Шрифт:
Интервал:
Закладка:
И Гример опять сел, чтобы дать возможность отдохнуть Лежащему перед ним. Потому что тот снова умирал от усталости.
VII
А у Музы тоже была работа. Она опять смотрела «Бессмертных», она восстановила все сцены, она добавила еще крови на теле девочки, она вставила эпизод с разорванной щекой. И все равно чувство омерзения к иной жизни на ее шкале было равно нулю. Ее уже больше не трогало это. Так ужас нарисованного ада забывается перед лицом мучающегося от боли человека, которому ты не можешь ничем помочь. Она думала только о Гримере, о том, каким он вышел Оттуда и что она была готова сделать все, что угодно, только бы он стал прежним Гримером, хотя бы на минуту, пусть заболеет сном, и она будет лечить его, пусть потеряет Имя, пусть она будет работать одна, только бы, только бы он вернулся. И каждый раз, когда Таможенник приходил к ней и сообщал, что все идет хорошо, и по тому звериному страху, который был постоянно в его глазах — а тот не мог бояться ее, — она верила Таможеннику или, по крайней мере, тому, что Гример жив и работает. А если б он не работал, то и у Музы был бы Уход. И она проверяла передачу на контрольных зрителях и не понимала, как это можно испытывать по такому пустячному поводу омерзение в 11 баллов. И оставляла очередную серию «Бессмертных» в первоначальном виде…
VIII
А Гримеру уже не хотелось работать. Он, отдыхая, смотрел на лицо Лежащего перед ним и вбирал в свою память каждую линию, каждое движение скальпеля мастера.
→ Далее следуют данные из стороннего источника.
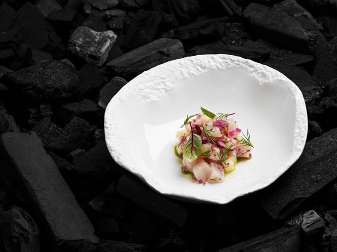 Appetizer. Sugudai from Nelma with Pickled Green Apples
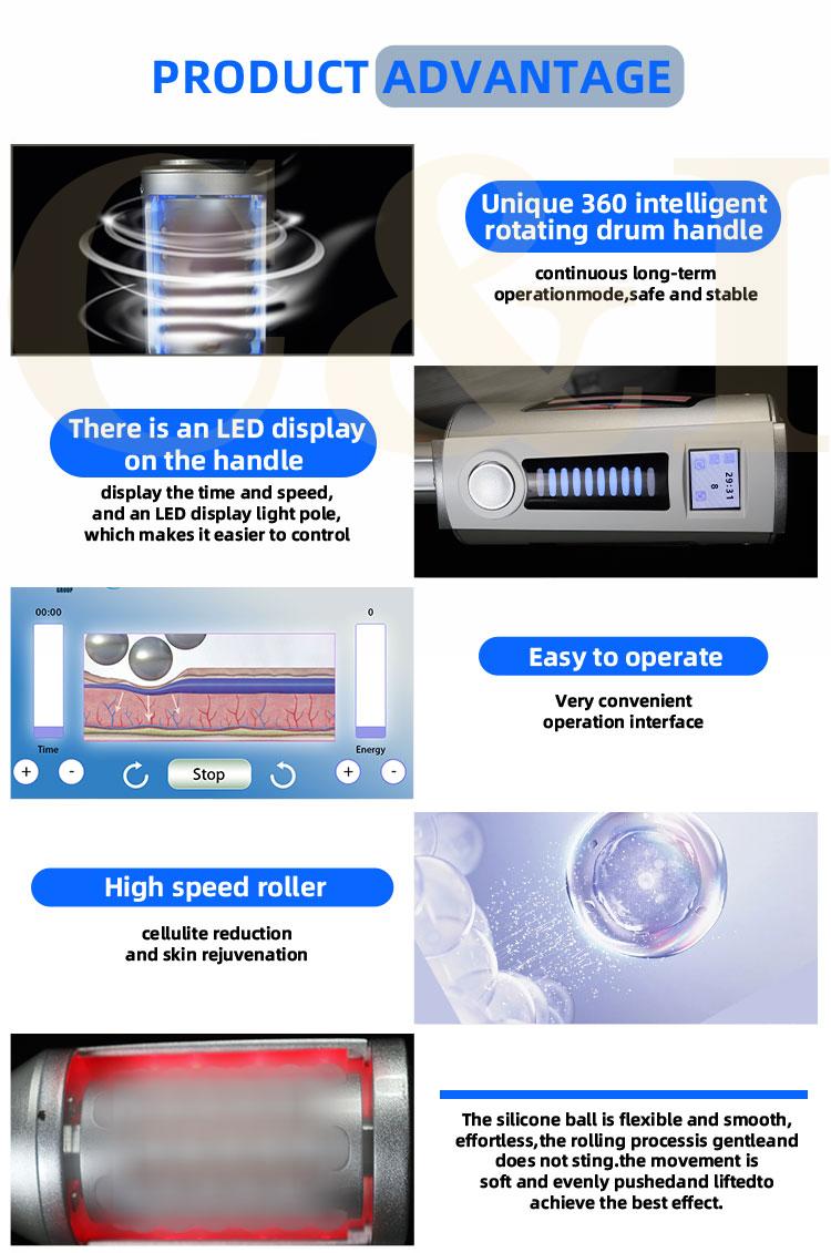 Inner ball massage with innovative micro-vibration compression technology. This technology can speed up the metabolism of the skin, improve the internal storage of the skin, and promote the vitality of the skin to achieve the effects of slimming and firming.
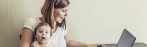 The mother of the woman with the child on hands at work behind the laptop at home
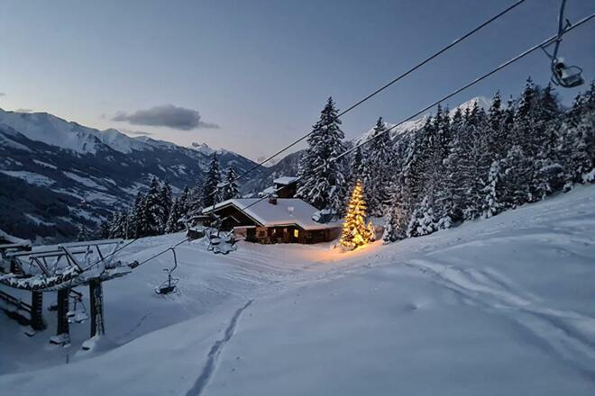 Vor der Alm erwartet die Gäste ein warmer Aperitiv und ein grandioser Blick über Gastein.
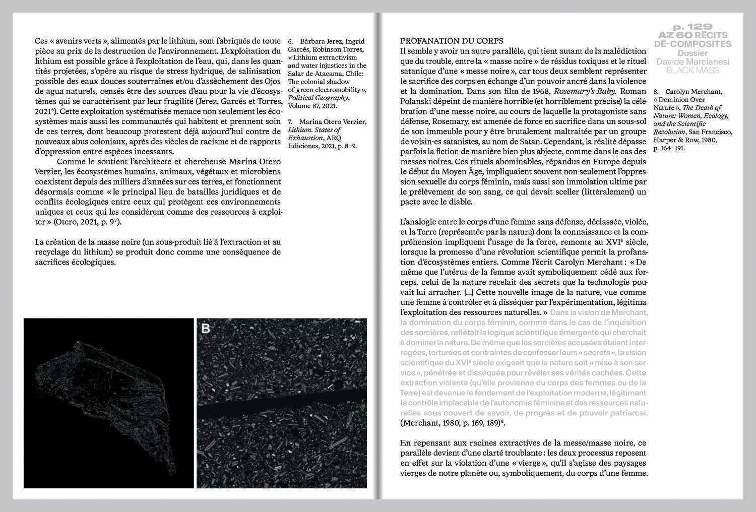 Avec son article « Black mass » (« Batteries Active Materials Mixture »), Davide Marcianesi, artiste interdisciplinaire et chercheur, s’intéresse à la poudre toxique – et composite – obtenue lors du processus de recyclage ou de valorisation des batteries (lithium-ion) : une mixture chimique et culturelle, invisible et dangereuse, où les corps humains et non humains composent avec des histoires et des matériaux modernes dans laquelle la nature se réduit en ressource exploitable.
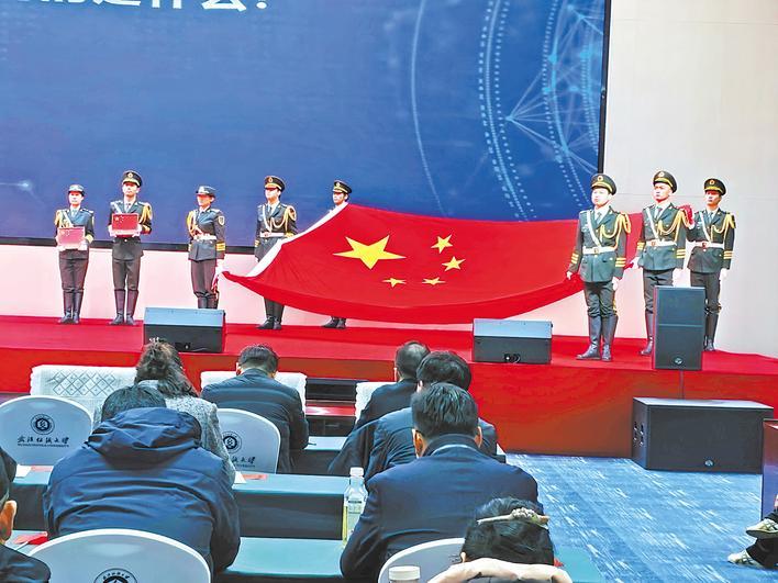 “请天安门国旗入场!”武汉纺织大学举行国旗迎请仪式。在嘹亮的国歌声中,该校党委书记徐卫林院士健步上台,庄严迎旗。国旗护卫队员全幅展示国旗。一并展示的还有该校研发的嫦娥五号、嫦娥六号月面国旗。
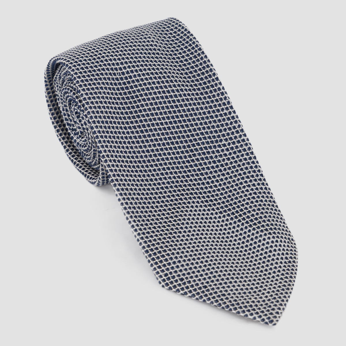 Finamore Two Tone Garza Silk Tie - Navy on White
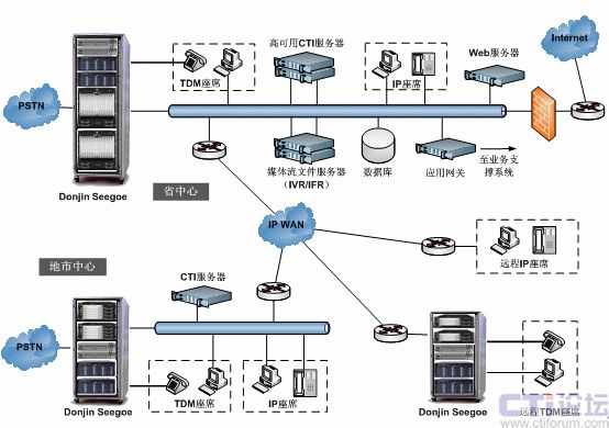 東進(jìn)Seegoe呼叫中心解決方案的系統(tǒng)架構(gòu)如圖四所示。
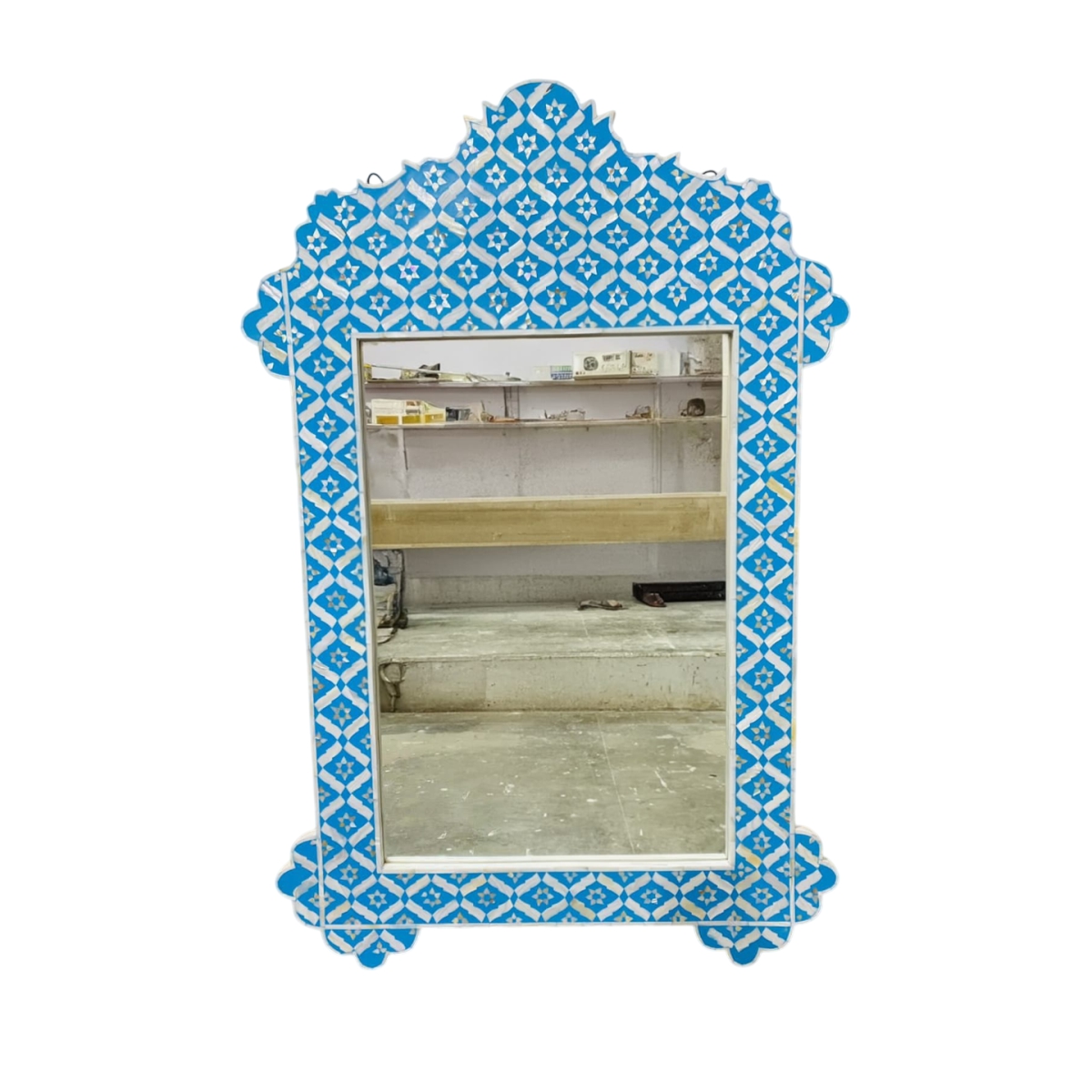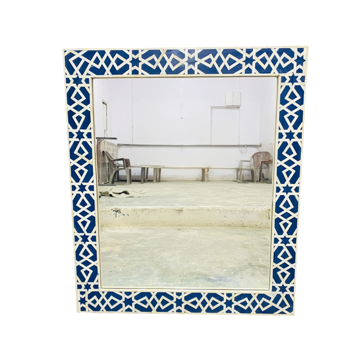 This square mirror boasts a mesmerizing frame adorned with a complex geometric star and trellis pattern in a rich, deep royal blue. The white or off-white inlay creates an interlocking design reminiscent of traditional Islamic or Moroccan art styles. The precision of the repeating motif around all four edges showcases exceptional craftsmanship. The square shape makes it versatile for use in various settings, such as above a console table, as part of a gallery wall, or as a stunning focal point in a modern or eclectic space.
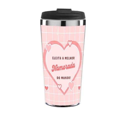 Copo Térmico Namorados-- Eleita a melhor namorada do mundo copo Térmico Personalizado Namorados Eleita a melhor namorado do mundo Um lindo copo para você presentear sua namorada. Afinal, demonstrar seu carinho e amor não tem preço. Ela vai amar ganhar esse copo. E andar com ele por todos os lados. Ótima opção para o dia dos namorados e aniverário. Obs: Essa compra garante milhões de beijos do seu amor, você não vai deixar passar batido né Resistente e durável é o copo perfeito para degustar aquela bebida especial. Além de manter sua bebida gelada por até 2 horas ou 1 hora quente, sua parede dupla faz com que a sua bebida fique conservada por mais tempo. A compra do Copo Térmico Personalizado Inox 450ml é indicada para quem gosta de ter a sua bebida preferida sempre na temperatura desejada e em alto estilo. DescriçãoPeso: 250g Altura: 17cm Largura: 9.5 cm Comprimento: 8 cm Capacidade: 450 Ml Material: inox / AcrílicoEspecificaçõesAço inoxidável 90% livre de BPA Isolamento à pressão de parede dupla Certificados: FDA / BPA Free / Supplier Assessment. Impressão em alta qualidade Tampa de roquear e abre e Fecha Trava de segurança de abre e fecha.
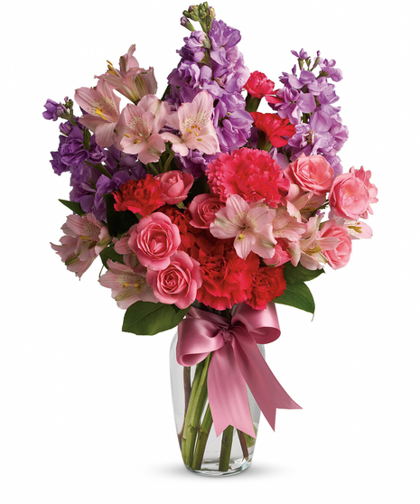 Someone you know will jump for joy when she receives this charming bouquet. Soft and feminine colors, flowers and textures are all wrapped up in one pretty package.
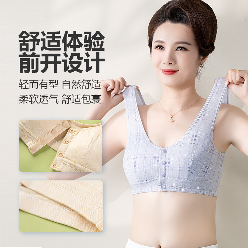 妈妈内衣文胸中年妇女妈妈款 无钢圈纯棉舒适 女中老年人专用前扣式

А там, внутри него, как будто туманный белый полог возникал перед его памятью, и дети-звери становились безобиднее, невиновнее, и люди становились красивее, и Гримеру казалось, что они движутся к Городу, где он сможет помочь им. И запах исчезал и заменялся тишиною и ясным туманным воздухом, в котором уже не было страха и боли. Все переживает человек. Если дать ему возможность вернуться к жизни, ощутить чудо работы — он воскреснет. Никогда ничто не потеряно, человек может воскреснуть после креста, после гибели всего живого, потому что он может забыть, потому что он может желать, потому что он может жить в том, что сделает его счастливым, и поверьте мне, что это может произойти и никогда не поздно, даже умирая, ощутить в себе силу забыть, не помнить, но не помнить не забвеньем жестокости, а забвеньем любви и желания спасения всего, что остается после тебя. И Гример встал.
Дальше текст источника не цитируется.